++++ INFORMATION SHOWN

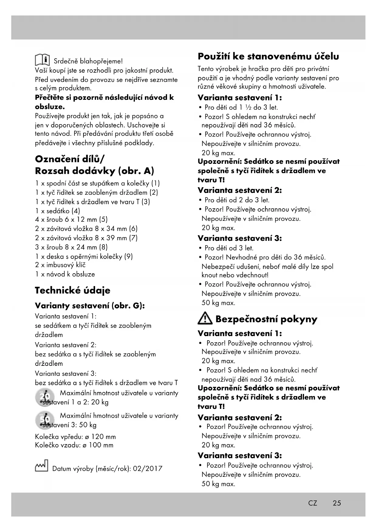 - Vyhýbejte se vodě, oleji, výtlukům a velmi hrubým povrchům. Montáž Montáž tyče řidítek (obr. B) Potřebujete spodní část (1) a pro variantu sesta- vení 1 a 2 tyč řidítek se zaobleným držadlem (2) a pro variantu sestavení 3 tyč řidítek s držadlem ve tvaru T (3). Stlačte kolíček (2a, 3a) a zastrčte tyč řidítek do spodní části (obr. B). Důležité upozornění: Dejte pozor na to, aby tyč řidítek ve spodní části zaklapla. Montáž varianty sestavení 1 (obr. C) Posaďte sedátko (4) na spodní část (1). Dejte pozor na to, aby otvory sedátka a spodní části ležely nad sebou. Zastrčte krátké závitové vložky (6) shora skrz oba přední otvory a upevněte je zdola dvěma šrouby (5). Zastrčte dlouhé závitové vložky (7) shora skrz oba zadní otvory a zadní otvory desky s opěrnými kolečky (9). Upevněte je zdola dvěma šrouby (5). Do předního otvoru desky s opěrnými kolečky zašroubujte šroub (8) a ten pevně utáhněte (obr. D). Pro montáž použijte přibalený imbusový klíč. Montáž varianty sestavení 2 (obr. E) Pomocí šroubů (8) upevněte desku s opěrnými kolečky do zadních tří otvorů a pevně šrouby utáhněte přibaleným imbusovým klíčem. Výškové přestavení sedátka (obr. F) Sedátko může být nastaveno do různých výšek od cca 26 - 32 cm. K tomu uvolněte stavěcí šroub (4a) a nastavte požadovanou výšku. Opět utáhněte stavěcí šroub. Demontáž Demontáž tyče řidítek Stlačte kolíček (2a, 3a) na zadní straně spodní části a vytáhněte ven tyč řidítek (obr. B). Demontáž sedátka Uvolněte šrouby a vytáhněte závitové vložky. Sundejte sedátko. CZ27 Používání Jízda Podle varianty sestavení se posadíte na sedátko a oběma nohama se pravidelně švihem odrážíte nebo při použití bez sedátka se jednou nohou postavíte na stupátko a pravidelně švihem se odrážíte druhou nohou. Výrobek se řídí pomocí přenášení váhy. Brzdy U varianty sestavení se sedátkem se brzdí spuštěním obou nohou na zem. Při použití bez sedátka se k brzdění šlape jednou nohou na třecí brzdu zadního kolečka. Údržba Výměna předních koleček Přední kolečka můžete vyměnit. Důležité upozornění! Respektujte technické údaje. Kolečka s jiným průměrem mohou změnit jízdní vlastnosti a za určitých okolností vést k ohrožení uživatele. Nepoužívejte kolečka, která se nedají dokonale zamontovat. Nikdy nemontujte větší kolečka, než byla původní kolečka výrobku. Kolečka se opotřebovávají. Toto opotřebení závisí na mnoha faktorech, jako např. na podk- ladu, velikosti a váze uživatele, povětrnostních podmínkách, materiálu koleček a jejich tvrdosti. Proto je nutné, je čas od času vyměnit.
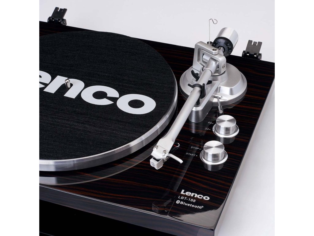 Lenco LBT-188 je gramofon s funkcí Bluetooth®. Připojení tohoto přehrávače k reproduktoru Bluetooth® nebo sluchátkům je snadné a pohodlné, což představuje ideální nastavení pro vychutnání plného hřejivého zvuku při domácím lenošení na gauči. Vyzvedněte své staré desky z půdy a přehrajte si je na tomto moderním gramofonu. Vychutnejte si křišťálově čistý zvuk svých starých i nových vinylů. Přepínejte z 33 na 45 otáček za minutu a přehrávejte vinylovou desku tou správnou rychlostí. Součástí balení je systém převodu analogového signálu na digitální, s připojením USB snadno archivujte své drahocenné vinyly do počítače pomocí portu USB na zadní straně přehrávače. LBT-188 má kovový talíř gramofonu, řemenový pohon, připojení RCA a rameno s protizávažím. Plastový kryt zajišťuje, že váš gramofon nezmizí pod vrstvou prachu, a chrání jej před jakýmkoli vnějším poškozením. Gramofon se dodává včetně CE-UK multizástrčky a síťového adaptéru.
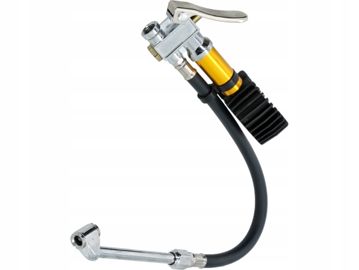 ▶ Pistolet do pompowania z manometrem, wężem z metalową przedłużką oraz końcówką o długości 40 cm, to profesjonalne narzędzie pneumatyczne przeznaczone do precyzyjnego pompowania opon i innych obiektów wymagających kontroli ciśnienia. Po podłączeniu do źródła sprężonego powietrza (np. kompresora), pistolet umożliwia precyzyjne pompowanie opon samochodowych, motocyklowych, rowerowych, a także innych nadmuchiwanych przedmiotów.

++++++++

WHAT THE TASK REQUIRES: Reproduce the whole of the data, word for word, and omit its pictures.

RESPONSE TO THIS EXERCISE:
 - Vyhýbejte se vodě, oleji, výtlukům a velmi hrubým povrchům. Montáž Montáž tyče řidítek (obr. B) Potřebujete spodní část (1) a pro variantu sesta- vení 1 a 2 tyč řidítek se zaobleným držadlem (2) a pro variantu sestavení 3 tyč řidítek s držadlem ve tvaru T (3). Stlačte kolíček (2a, 3a) a zastrčte tyč řidítek do spodní části (obr. B). Důležité upozornění: Dejte pozor na to, aby tyč řidítek ve spodní části zaklapla. Montáž varianty sestavení 1 (obr. C) Posaďte sedátko (4) na spodní část (1). Dejte pozor na to, aby otvory sedátka a spodní části ležely nad sebou. Zastrčte krátké závitové vložky (6) shora skrz oba přední otvory a upevněte je zdola dvěma šrouby (5). Zastrčte dlouhé závitové vložky (7) shora skrz oba zadní otvory a zadní otvory desky s opěrnými kolečky (9). Upevněte je zdola dvěma šrouby (5). Do předního otvoru desky s opěrnými kolečky zašroubujte šroub (8) a ten pevně utáhněte (obr. D). Pro montáž použijte přibalený imbusový klíč. Montáž varianty sestavení 2 (obr. E) Pomocí šroubů (8) upevněte desku s opěrnými kolečky do zadních tří otvorů a pevně šrouby utáhněte přibaleným imbusovým klíčem. Výškové přestavení sedátka (obr. F) Sedátko může být nastaveno do různých výšek od cca 26 - 32 cm. K tomu uvolněte stavěcí šroub (4a) a nastavte požadovanou výšku. Opět utáhněte stavěcí šroub. Demontáž Demontáž tyče řidítek Stlačte kolíček (2a, 3a) na zadní straně spodní části a vytáhněte ven tyč řidítek (obr. B). Demontáž sedátka Uvolněte šrouby a vytáhněte závitové vložky. Sundejte sedátko. CZ27 Používání Jízda Podle varianty sestavení se posadíte na sedátko a oběma nohama se pravidelně švihem odrážíte nebo při použití bez sedátka se jednou nohou postavíte na stupátko a pravidelně švihem se odrážíte druhou nohou. Výrobek se řídí pomocí přenášení váhy. Brzdy U varianty sestavení se sedátkem se brzdí spuštěním obou nohou na zem. Při použití bez sedátka se k brzdění šlape jednou nohou na třecí brzdu zadního kolečka. Údržba Výměna předních koleček Přední kolečka můžete vyměnit. Důležité upozornění! Respektujte technické údaje. Kolečka s jiným průměrem mohou změnit jízdní vlastnosti a za určitých okolností vést k ohrožení uživatele. Nepoužívejte kolečka, která se nedají dokonale zamontovat. Nikdy nemontujte větší kolečka, než byla původní kolečka výrobku. Kolečka se opotřebovávají. Toto opotřebení závisí na mnoha faktorech, jako např. na podk- ladu, velikosti a váze uživatele, povětrnostních podmínkách, materiálu koleček a jejich tvrdosti. Proto je nutné, je čas od času vyměnit.
 Lenco LBT-188 je gramofon s funkcí Bluetooth®. Připojení tohoto přehrávače k reproduktoru Bluetooth® nebo sluchátkům je snadné a pohodlné, což představuje ideální nastavení pro vychutnání plného hřejivého zvuku při domácím lenošení na gauči. Vyzvedněte své staré desky z půdy a přehrajte si je na tomto moderním gramofonu. Vychutnejte si křišťálově čistý zvuk svých starých i nových vinylů. Přepínejte z 33 na 45 otáček za minutu a přehrávejte vinylovou desku tou správnou rychlostí. Součástí balení je systém převodu analogového signálu na digitální, s připojením USB snadno archivujte své drahocenné vinyly do počítače pomocí portu USB na zadní straně přehrávače. LBT-188 má kovový talíř gramofonu, řemenový pohon, připojení RCA a rameno s protizávažím. Plastový kryt zajišťuje, že váš gramofon nezmizí pod vrstvou prachu, a chrání jej před jakýmkoli vnějším poškozením. Gramofon se dodává včetně CE-UK multizástrčky a síťového adaptéru.
 ▶ Pistolet do pompowania z manometrem, wężem z metalową przedłużką oraz końcówką o długości 40 cm, to profesjonalne narzędzie pneumatyczne przeznaczone do precyzyjnego pompowania opon i innych obiektów wymagających kontroli ciśnienia. Po podłączeniu do źródła sprężonego powietrza (np. kompresora), pistolet umożliwia precyzyjne pompowanie opon samochodowych, motocyklowych, rowerowych, a także innych nadmuchiwanych przedmiotów.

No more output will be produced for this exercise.